Reliability - more than just testing
The design of any high tech product is a long process and this is especially true in the optical transceiver and interconnectivity business. Often overlooked, however, is the crucial role played by the designer in ensuring a product’s reliability. Giacomo Losio, Head of Technology, ProLabs.
Irrespective of how well a product works, or how advanced the design, without reliability, the product is effectively worthless. There are a large number of firms out there in the industry capable of making functioning optical transceivers, but not so many can make reliable ones.
Reliability embodies not only a product’s ability to function but also a product that works without risk of failure for a long period of time. For instance, ‘carrier class’ products are often required to operate for as long as 20 years. Of course it is not possible to test it for such a long time, so accelerated ageing and statistical analysis are often used to shorten the process which still can take up to seven months.
Whilst reliability is important all across the entire technology industry spectrum, it is in data centre and telecom products that are held in especially high regard. The reason for this is financial costs associated with their failure as in the digital era - our society depends highly on these installations (banks, utilities, transportation systems and education).

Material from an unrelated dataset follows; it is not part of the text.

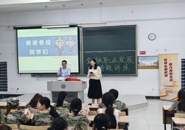 9月11日晚,我院特邀江苏银行栖霞分行副行长马志鑫与小企业部副经理刘奇,开展“你的未来,‘银’接而来”金融职业发展专题讲座并进行金融防诈宣传。2025级金融学专业全体学生及校友代表参会,现场互动热烈。

To create a truly successful reliability testing process, an optical transceiver company must involve its entire team, from product concept to manufacturing and product support. Reliability is an integrated system and only a company with an organic end to end approach can be successful in this area. Reliability comes in the form of different disciplines - mechanics, electronics, materials science, etc.
Within this a number of other parameters that also comes into play – temperature, humidity, electrical and mechanical stresses, corrosion. The tests largely fit into two categories - mechanical and environmental - testing both the physical resilience of a product as well as its capability to withstand extreme operating conditions. Reliability test plans are compiled starting from a set of standards issued by Telcordia or IEC or military standards. Important items are the test procedure, which has to be clearly defined to allow repetition of tests, the sample size and the pass/fail criteria. Every device/sub-assembly used in the transceiver has to be qualified independently and internal interconnects have to be verified with particular attention as it is in this area where mechanical stresses can arise.

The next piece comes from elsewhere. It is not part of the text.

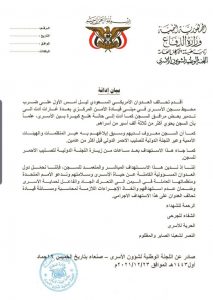 أدن بيان صادر عن اللجنة الوطنية لشؤون الأسرى اليوم الخميس استهداف طيران العدوان لمحيط سجن الأسرى بمبنى قيادة الأمن المركزي بالعاصمة ليلة أمس ما ادى إلى تضرر وتدمير بعض اجزاء السجن. وأكدت أن السجن يحوي ثلاثة الف أسير، وان السجن معروف لديهم وسبق ابلاغهم عن طريق منظمات الأمم المتحدة قبل أكثر من عامين. وحمل البيان قوى العدوان عن سلامة وحياة الأسرى. a href=”https://www.ibb-news.com/wp-content/uploads/2021/12/IMG_20211223_151756_618.jpg”>

Mechanical tests will involve everything from tests performed on the stand alone device (vibration, shock, drop), to its use on the real platforms (electrical and optical mating/de-mating cycles, operational vibration, ESD, EMC) to make sure that it is not only intrinsically reliable, but can also operate reliably in the everyday environment. Particularly important are also transportation tests to make sure that ‘dead on arrival’ (DOA) parts are minimised.
Environmental tests involve alterations to temperature and humidity conditions and include temperature cycling, thermal shocks damp heating (humidity and heat are applied simultaneously) and prolonged operation at high temperature. Temperature is often used as an acceleration factor to minimise test duration and understand what the mortality curve of the device is. Usually these products have an ‘infant mortality’ and a wear out mortality. The outcome of the reliability tests needs to be used by manufacturing to design production tests that are able to eliminate parts that could fail at the beginning of the operative life.

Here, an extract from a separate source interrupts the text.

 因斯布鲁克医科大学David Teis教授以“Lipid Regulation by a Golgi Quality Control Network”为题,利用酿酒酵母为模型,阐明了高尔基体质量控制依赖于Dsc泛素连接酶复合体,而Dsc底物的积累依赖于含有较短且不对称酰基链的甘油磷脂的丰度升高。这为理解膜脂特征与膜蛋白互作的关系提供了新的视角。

A product has also to be manufactured reliably, and reliability has to be maintained and ensured for the whole lifecycle. This is why it is important to include manufacturers during the product concept and design phase, and a reliable product has also a better production yield which helps keeping costs under control.
To summarise, the responsibility for reliability lies with everyone within the company and at every stage of the product development cycle - from the conception of the product to each developer’s understanding of their role and responsibility in the reliability chain. It depends on the integrity of the components used as much as it does the materials used, as well as the operating environments under which manufacturing occurs. The efficacy of materials used and the handling and quality of workmanship employed can all potentially, and severely, affect reliability. Every step required in a product’s construction must be constantly measured and monitored. Such stringent reliability testing cannot rely on box ticking - it demands a scrupulous mind-set throughout the company.
Processes alone do not, and will not, guarantee reliability. Reliability must be embedded within a company’s foundations and among its most basic of building blocks - the individuals within that organisation. Without this, whilst products may well work, their reliability cannot be guaranteed.